1959年(昭和34年)4月20日に新幹線開業の起工式が執り行われ、開業期日が1964年10月に決定。東京オリンピックの誘致が新幹線着工と同じ日の5月26日に決まり、1964年10月10日が開会式と確定します。開会式までには何が何でも間に合わせなければならないという裏舞台の話が日経電子版の記事。ここから常識外れの全長500キロ超の全線開通の突貫工事を開始。用地買収問題もあり全線開通は、何と1964年7月1日。開業まで残り僅か3ヶ月。初の新幹線創業、本来なら開業1年くらい前に全線開通の上で試験走行したかったが、そうも行かなかったという衝撃的事実もありました。
NHK総合TV放送の10月2日特番『新幹線タイムマシン』に出演した大石先生は当時の様子を「運転士の養成も急務だったが、試験走行(試運転)が大変だった」と語っています。

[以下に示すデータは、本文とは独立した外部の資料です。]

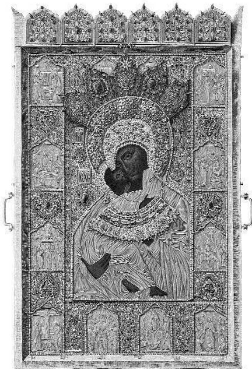
Чудотворный образ Владимирской Божьей Матери. Ф. Солнцев

Покорив Баязета, Тамерлан пребывал большею частью в Самарканде, причем он, по примеру Чингисхана, сея всюду ужас и разорение, проливая потоки крови, воздвигая огромные пирамиды из человеческих черепов и обращая в груды пепла цветущие города, любил беседовать с учеными, лицемерно показывая себя другом науки и пускался в длинные рассуждения о ничтожестве человеческой жизни, о добродетели и о бессмертии. Он умер и погребен в Самарканде же, входящем ныне в состав нашего Туркестанского военного округа. Посреди великолепной мечети, выстроенной для упокоения его останков, находится роскошная гробница, но она заключает в себе лишь прах его учителя. Сам же Тамерлан, до конца жизни оставаясь лицемером, смиренно приказал себя похоронить у его ног.

当初は東京から新大阪間を最速3時間10分としていたが、開業初日の走行は最速4時間と指定された(安全面を考慮して最高速度160キロで走行せよ)。その4時間走行でさえもままならなかったらしい。車両や線路、信号装置などの不調が相次ぎ、最速4時間走行の実現は何と、1964年の9月過ぎというから驚きます。
そうこうしながら迎えた開業初日。以下は読売新聞の表舞台の記事から。
「大石さんはあえて、京都市のトンネル内をゆっくり走った。そして、大津市付近の直線で速度を上げた。次の瞬間、運転席にある速度計は210キロを指した」とあります。
後に大石さんは『記者や乗客たちが期待しているのが分かっていたから、然るべきところでスピードを上げた。驚きと喜びの入り混じった歓声が上がった』と吐露しています。運転士の運転士たるところは「定時走行」。経験と勘によるアナログ技術が今でも王道。大石先生曰く「時間調整のため新橋駅あたりで山手線に抜かれる珍事もあったが、定刻通り午前10時ぴったりに東京駅のホームに到着した」と胸を張ります。
こうして10月10日東京オリンピックの初開催に間に合った10月1日新幹線初開業でした。